#### Extracted information
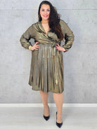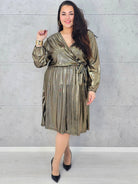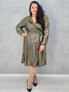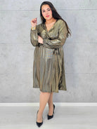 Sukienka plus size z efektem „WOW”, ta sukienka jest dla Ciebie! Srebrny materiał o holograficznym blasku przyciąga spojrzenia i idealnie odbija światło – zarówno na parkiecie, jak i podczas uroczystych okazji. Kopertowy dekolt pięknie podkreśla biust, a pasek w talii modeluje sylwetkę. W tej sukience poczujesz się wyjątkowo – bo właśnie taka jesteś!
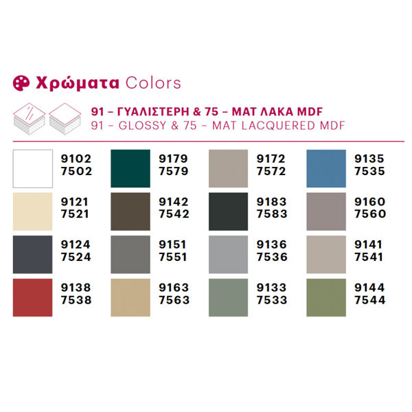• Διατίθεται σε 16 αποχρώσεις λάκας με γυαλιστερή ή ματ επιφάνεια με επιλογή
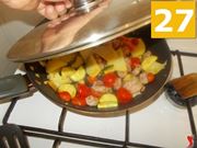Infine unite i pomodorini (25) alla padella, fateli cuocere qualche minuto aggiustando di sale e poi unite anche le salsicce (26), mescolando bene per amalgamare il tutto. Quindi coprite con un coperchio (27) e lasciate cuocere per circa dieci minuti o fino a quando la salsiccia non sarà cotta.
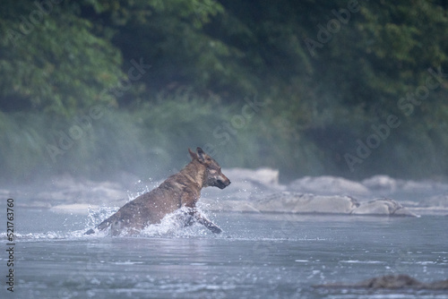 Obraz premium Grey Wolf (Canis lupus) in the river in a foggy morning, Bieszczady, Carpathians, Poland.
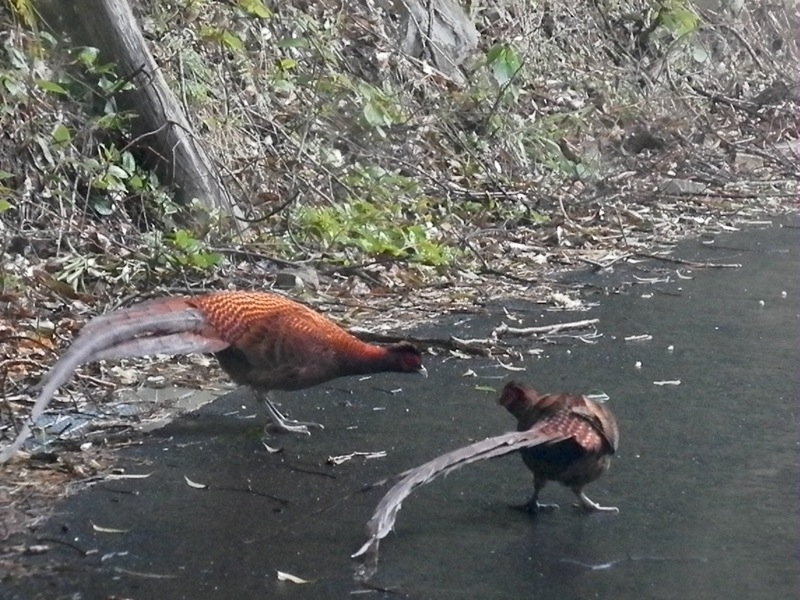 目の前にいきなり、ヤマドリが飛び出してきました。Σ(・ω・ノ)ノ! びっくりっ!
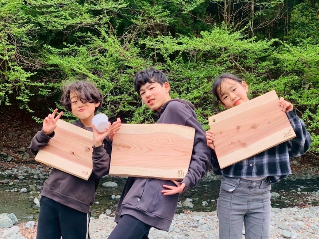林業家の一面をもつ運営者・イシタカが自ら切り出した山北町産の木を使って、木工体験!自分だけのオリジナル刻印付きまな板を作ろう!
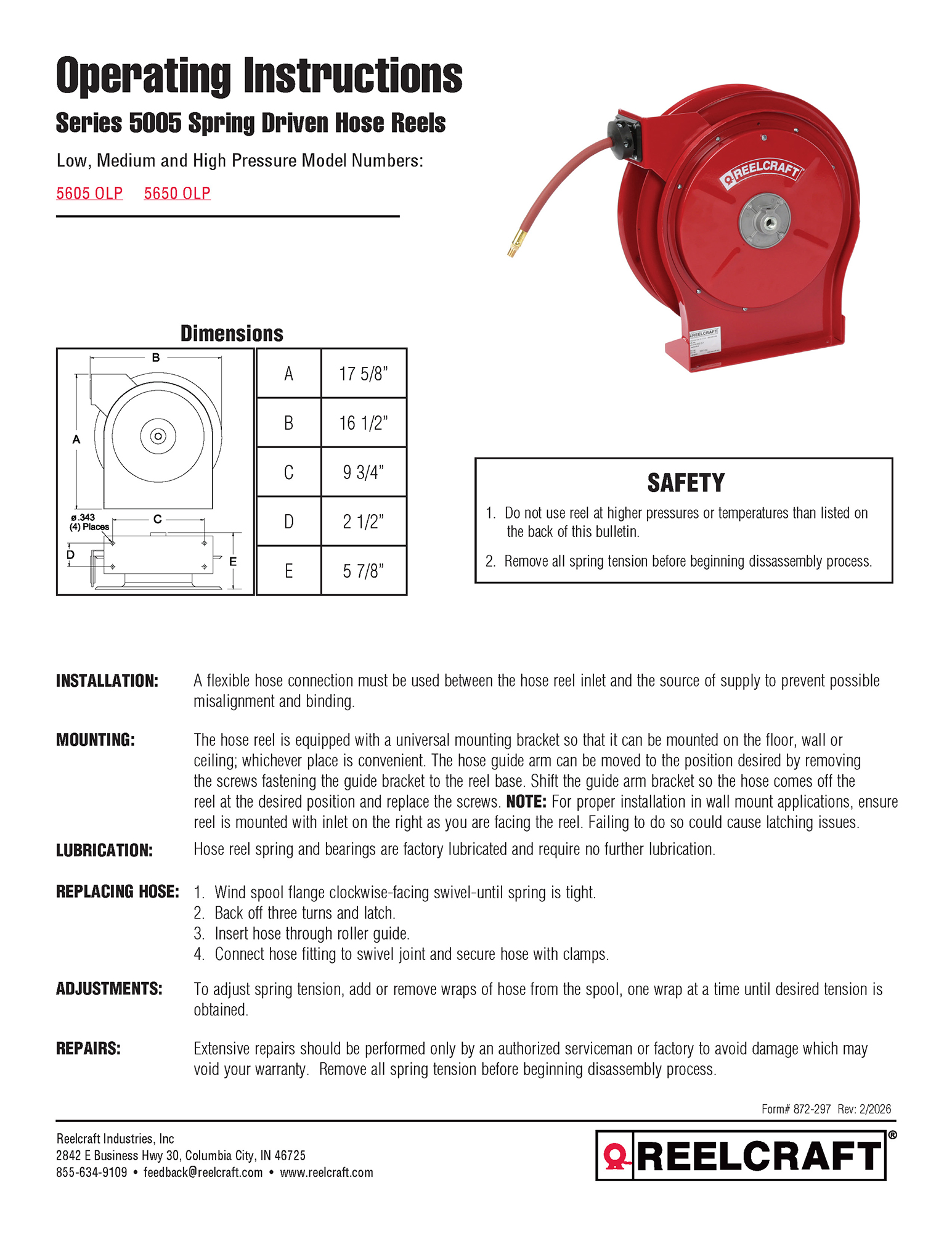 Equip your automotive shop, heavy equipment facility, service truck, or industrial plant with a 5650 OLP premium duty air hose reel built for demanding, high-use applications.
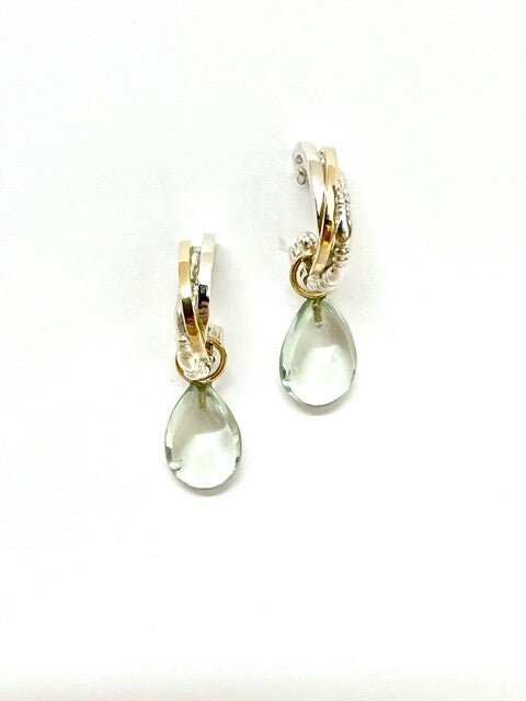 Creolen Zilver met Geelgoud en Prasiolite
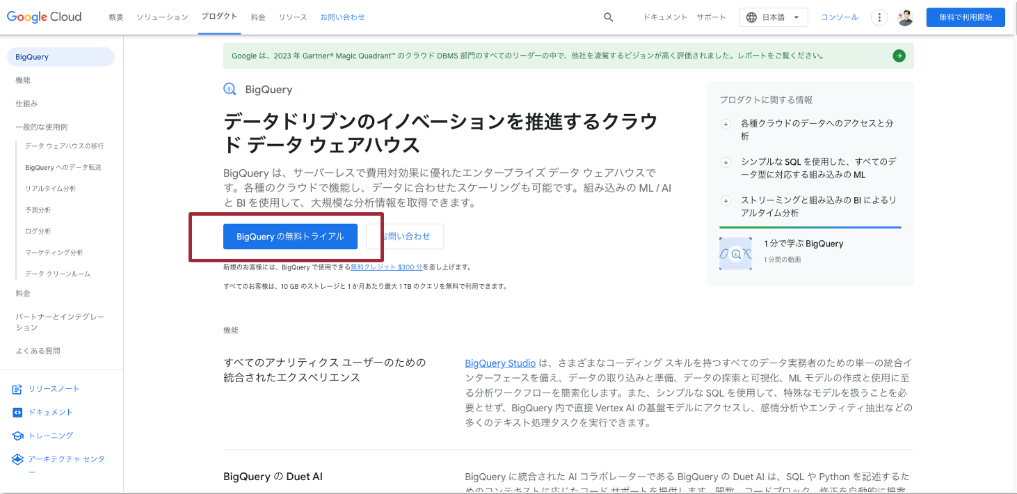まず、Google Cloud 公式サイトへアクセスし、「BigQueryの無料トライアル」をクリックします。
---
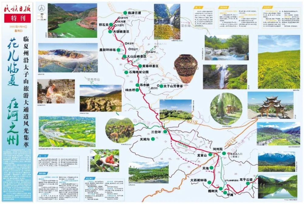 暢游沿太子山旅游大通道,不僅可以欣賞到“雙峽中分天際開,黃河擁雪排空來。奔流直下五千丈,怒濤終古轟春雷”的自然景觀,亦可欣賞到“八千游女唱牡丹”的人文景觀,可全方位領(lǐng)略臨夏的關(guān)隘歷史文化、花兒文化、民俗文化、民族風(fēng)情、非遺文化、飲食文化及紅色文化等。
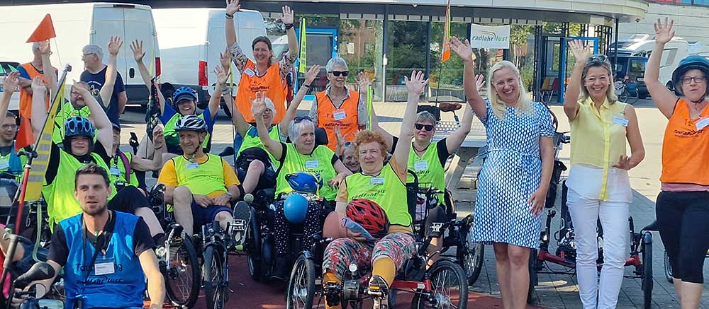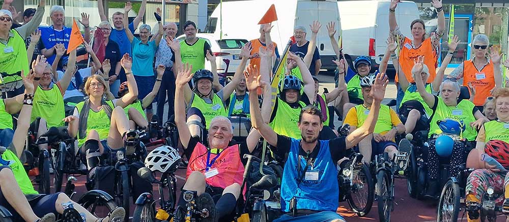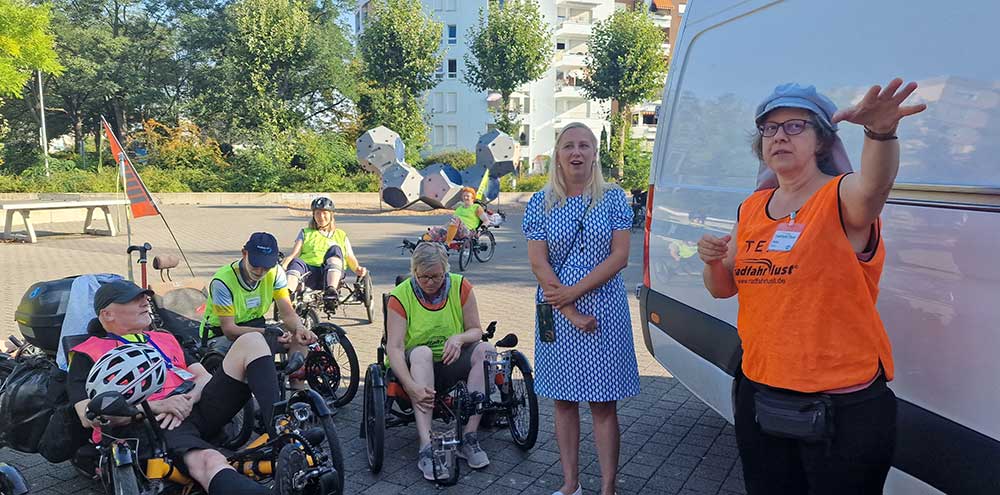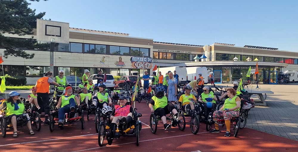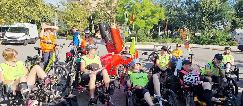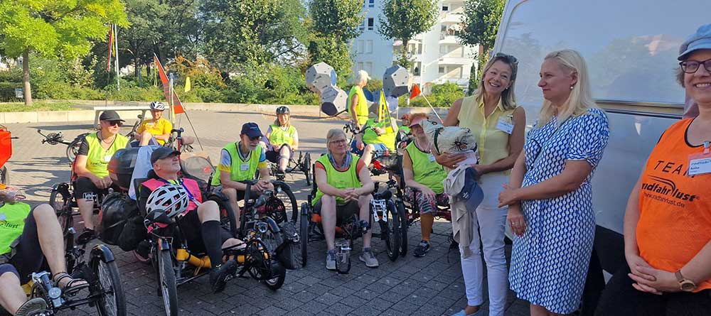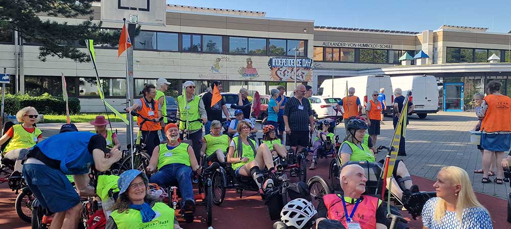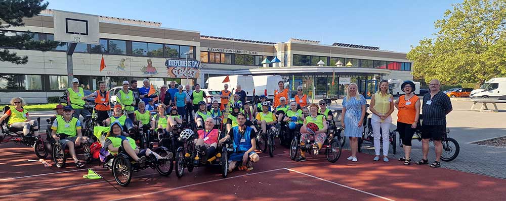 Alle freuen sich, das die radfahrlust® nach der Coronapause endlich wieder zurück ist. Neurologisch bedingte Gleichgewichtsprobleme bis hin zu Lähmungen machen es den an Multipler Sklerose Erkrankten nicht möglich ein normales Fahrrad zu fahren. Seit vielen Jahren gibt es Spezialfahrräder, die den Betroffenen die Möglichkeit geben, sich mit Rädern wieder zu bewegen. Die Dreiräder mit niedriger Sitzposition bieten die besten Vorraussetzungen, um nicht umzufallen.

#### Task details
Would you give again, exactly, the lines in the data above that run from the line containing "暢游沿太子山旅游大通道,不僅" to the line containing "Alle freuen sich, das"? Include both ends and no pictures.

#### Exercise response
 暢游沿太子山旅游大通道,不僅可以欣賞到“雙峽中分天際開,黃河擁雪排空來。奔流直下五千丈,怒濤終古轟春雷”的自然景觀,亦可欣賞到“八千游女唱牡丹”的人文景觀,可全方位領(lǐng)略臨夏的關(guān)隘歷史文化、花兒文化、民俗文化、民族風(fēng)情、非遺文化、飲食文化及紅色文化等。
 Alle freuen sich, das die radfahrlust® nach der Coronapause endlich wieder zurück ist. Neurologisch bedingte Gleichgewichtsprobleme bis hin zu Lähmungen machen es den an Multipler Sklerose Erkrankten nicht möglich ein normales Fahrrad zu fahren. Seit vielen Jahren gibt es Spezialfahrräder, die den Betroffenen die Möglichkeit geben, sich mit Rädern wieder zu bewegen. Die Dreiräder mit niedriger Sitzposition bieten die besten Vorraussetzungen, um nicht umzufallen.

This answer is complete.